The centerpiece of translation automation, MT as usual served up some interesting new developments at the TAUS User Conference this year in Santa Clara. There were announcements of new products or applications from Microsoft and ABBYY, use cases of MT in real-time web situations, and a growing number of self-service SMT solutions.
There is now strong evidence that the formidable momentum created in the past few years by the Moses open source translation system, as well as by the commercial challenge of independently-developed MT technology from Language Weaver, has reached a watershed.
Going self-service
A number of LSPs and large corporates are now developing complete solutions for a potentially broad range of users. As a result, the underlying engineering platform is being expanded and the training/testing cycle process is being increasingly automated, resulting in self-service solutions.
TAUS (and the industry’s language data repository TAUS Data Association) kick-started this move towards self-service MT back at a TAUS Executive Forum in Copenhagen in May 2010 when it invited three language service providers (Tilde, Pangeanic and Languagelens) to train engines using millions of words from the TDA database and three buyers (Abode, Dell and Intel) to deliver a solution 24 hours later. This was the first public ‘proof of concept’ that self-service MT was possible.

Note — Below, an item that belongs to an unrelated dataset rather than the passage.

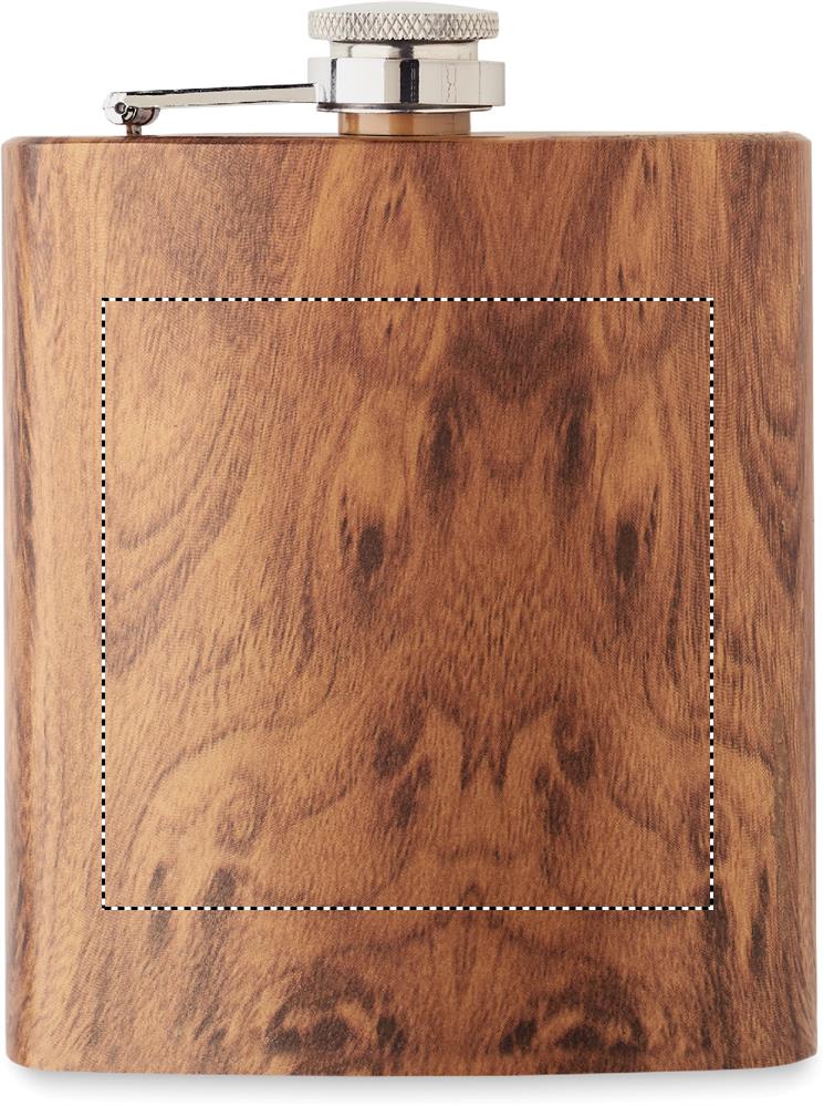 Slim hip flask in recycled stainless steel (90% recycled stainless and 10% stainless steel) with a wooden look. Capacity 190 ml.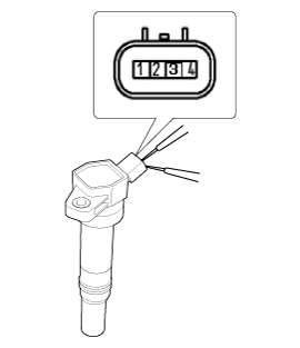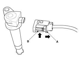 Отсоедините разъем катушки зажигания (А).

Today, some 18 months later, Applied Language Solutions has built and released a beta of its one-stop SmartMate solution for large buyers and individual translators alike; a consortium of companies including Tilde in the Baltic region have developed Let’s MT for people who want to build their own MT system; and SDL Language Weaver has risen to TAUS’s somewhat tongue-in-cheek challenge of two years ago (Let a thousand MT engines bloom), and announced that it had indeed built 9,800 engines in the last eight months! And Microsoft has demonstrated its Collaborative Translation Framework that provides an API for companies wishing to use Bing Translate for large-scale MT tasks.
Note that all these services depend for their linguistic fuel on the appropriate range of data resources, underlying more than ever the strategic importance of building a simple but powerful big language data in the cloud, as TAUS has been enabling with the TAUS Data Association.
Real-time Interactive MT
As the conference was reminded, live experiments in real time MT go back to Compuserve’s chat room MT service over a decade ago. Intel and Asia Online reported on recent experiments in call centers and related situations that applied MT to multilingual inputs.
Their main findings are that the use of MT can enable support staff working in call centers to increase productivity by handling up to six concurrent callers via text messaging. To train the kind of engines that can support such dialog, they need the right kind of parallel data. In some cases existing translation databases can be repurposed to build such data resources; in others it might be possible to generate new training data by initiating translated chat around some related topic and encouraging the user community to feed corrections back to the system before going live.
In all cases, the watchword is “foster user feedback”, either by using bilingual displays, or a reverse translation checker, or some other channel to ensure that agents can clarify meanings for end-users if the translation is faulty, and thereby improve the engine.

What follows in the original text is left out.